As Gritty As It Gets: The Ashes of Berlin by Luke McCallin

The Ashes of Berlin-smallBerlin, 1947.

The city is in ruins and divided between American, British, French, and Russian sectors. German war veteran and police detective Gregor Reinhardt is trying to reassemble his life but, like his city, it’s been smashed into too many pieces.

Not only does he have to contend with the loss of his family and his home, but also guilt over the war and the politics of a police department in which everyone has a sponsor among one of the occupying powers and geopolitics gets played out in the office.
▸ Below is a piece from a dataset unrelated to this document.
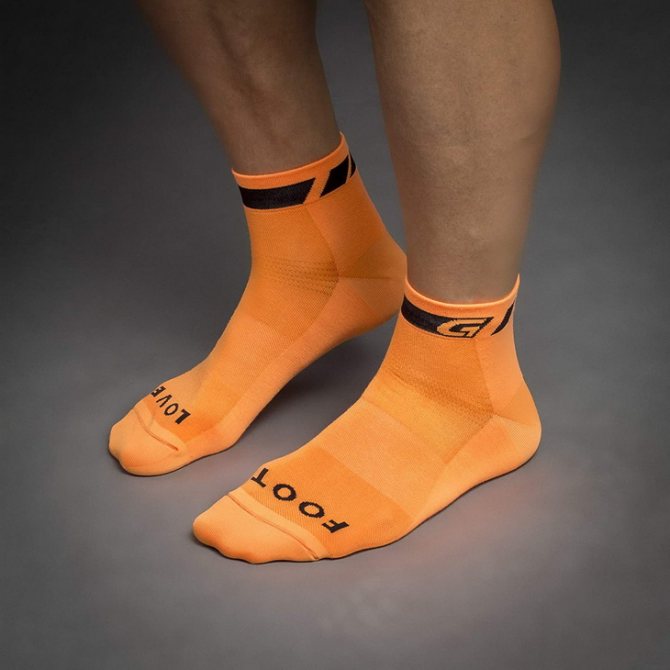 Спортивные носки легко спутать с повседневными. Но они различаются составом. В производстве носков для занятий спортом в состав ткани обязательно добавляют синтетическое волокно: лайкру, полиамид. Это придает изделиям эластичность, они лучше ложатся по ноге без образования складок и морщинок. Для плотного обхвата ноги на конце носка размещают мягкую резинку, не препятствующую нормальному кровообращению в стопе.

And now he has a serial murderer on his hands, one who shoves sand or water down his victim’s throats in order to suffocate or drown them. Throw in some unrepentant Nazis and a frighteningly efficient Soviet officer, and Reinhardt is up for a long case.

I found this book by accident while browsing through my local bookshop and it’s the best mystery novel I’ve read all year. McCallin is a master storyteller who evokes the grim, surreal landscape of postwar Berlin.

As he takes us along on Reinhardt’s case, we get to experience the sights, sounds, and even the smells and tastes of a once-proud city trying to dig itself out from disaster. The author has clearly done his homework and we learn all sorts of fascinating details about life for regular Germans after the war and the politics of the four “Allied” powers ruling Germany.